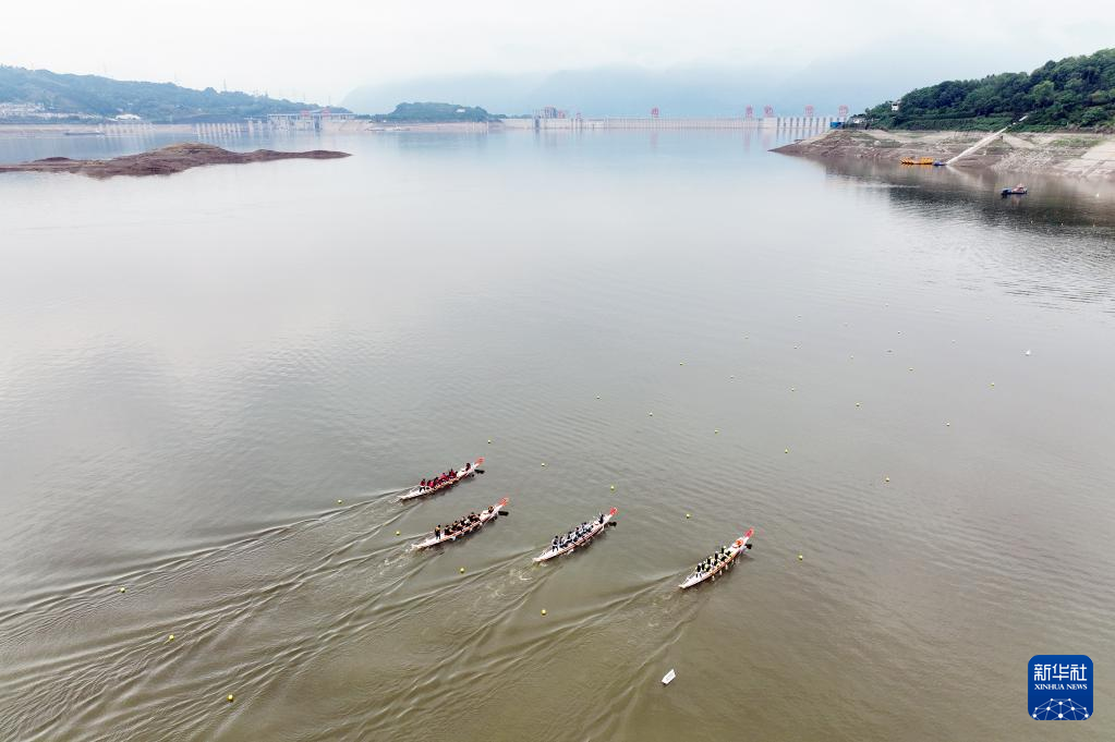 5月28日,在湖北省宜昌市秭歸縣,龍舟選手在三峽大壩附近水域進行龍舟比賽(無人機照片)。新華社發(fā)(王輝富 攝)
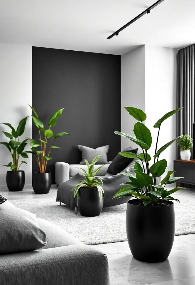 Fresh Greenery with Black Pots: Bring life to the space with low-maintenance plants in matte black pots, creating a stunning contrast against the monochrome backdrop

* * *

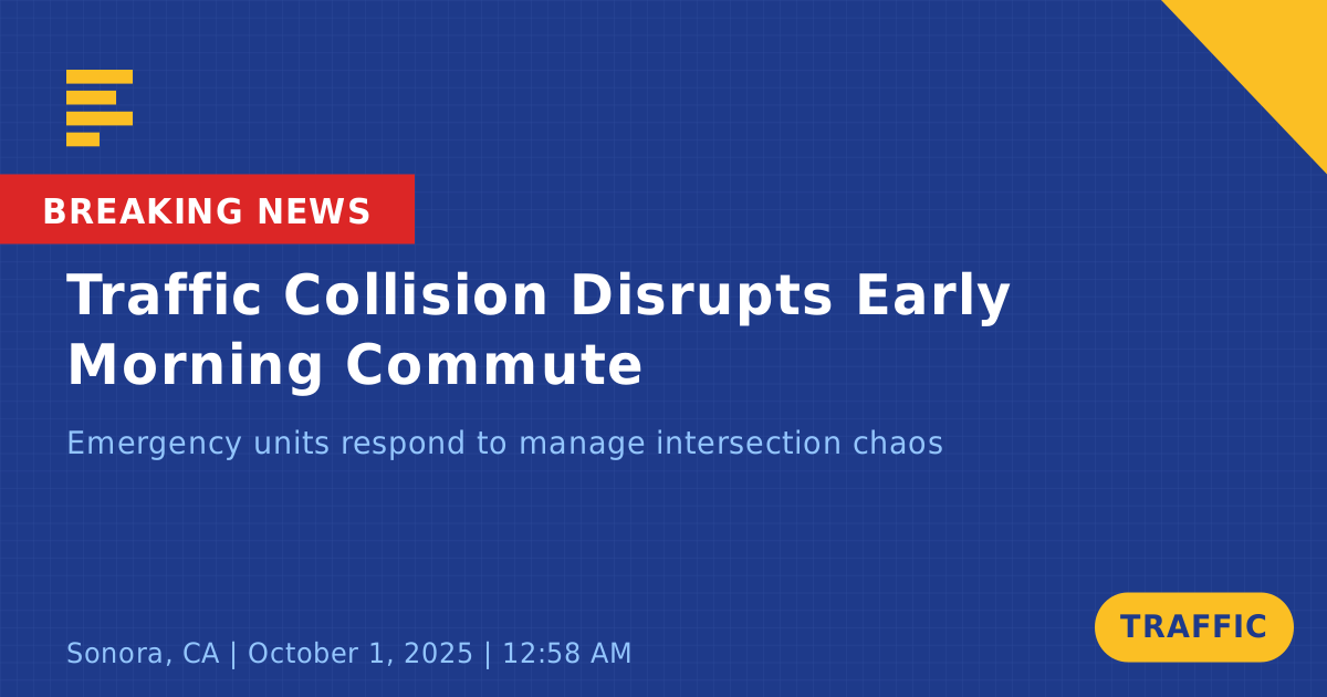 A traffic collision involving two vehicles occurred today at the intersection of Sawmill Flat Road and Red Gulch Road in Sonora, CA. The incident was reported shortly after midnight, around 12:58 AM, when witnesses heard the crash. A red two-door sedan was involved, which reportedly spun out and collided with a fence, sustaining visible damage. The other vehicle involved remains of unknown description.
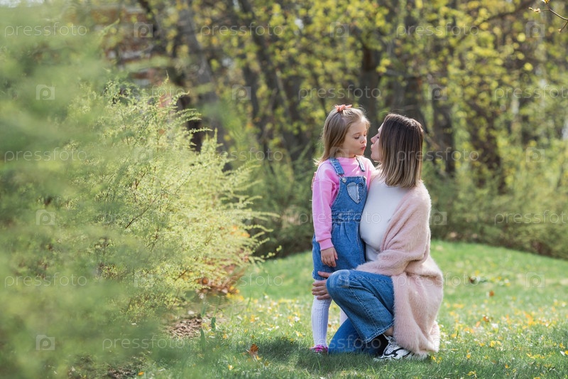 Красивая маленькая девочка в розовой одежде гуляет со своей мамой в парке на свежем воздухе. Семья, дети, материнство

» Exercise requirements: Only the lines between the one with "5月28日,在湖北省宜昌市秭" and the one with "Fresh Greenery with", those two included, get copied from the material above. Keep it exact and free of pictures.

» Task result:
 5月28日,在湖北省宜昌市秭歸縣,龍舟選手在三峽大壩附近水域進行龍舟比賽(無人機照片)。新華社發(fā)(王輝富 攝)
 Fresh Greenery with Black Pots: Bring life to the space with low-maintenance plants in matte black pots, creating a stunning contrast against the monochrome backdrop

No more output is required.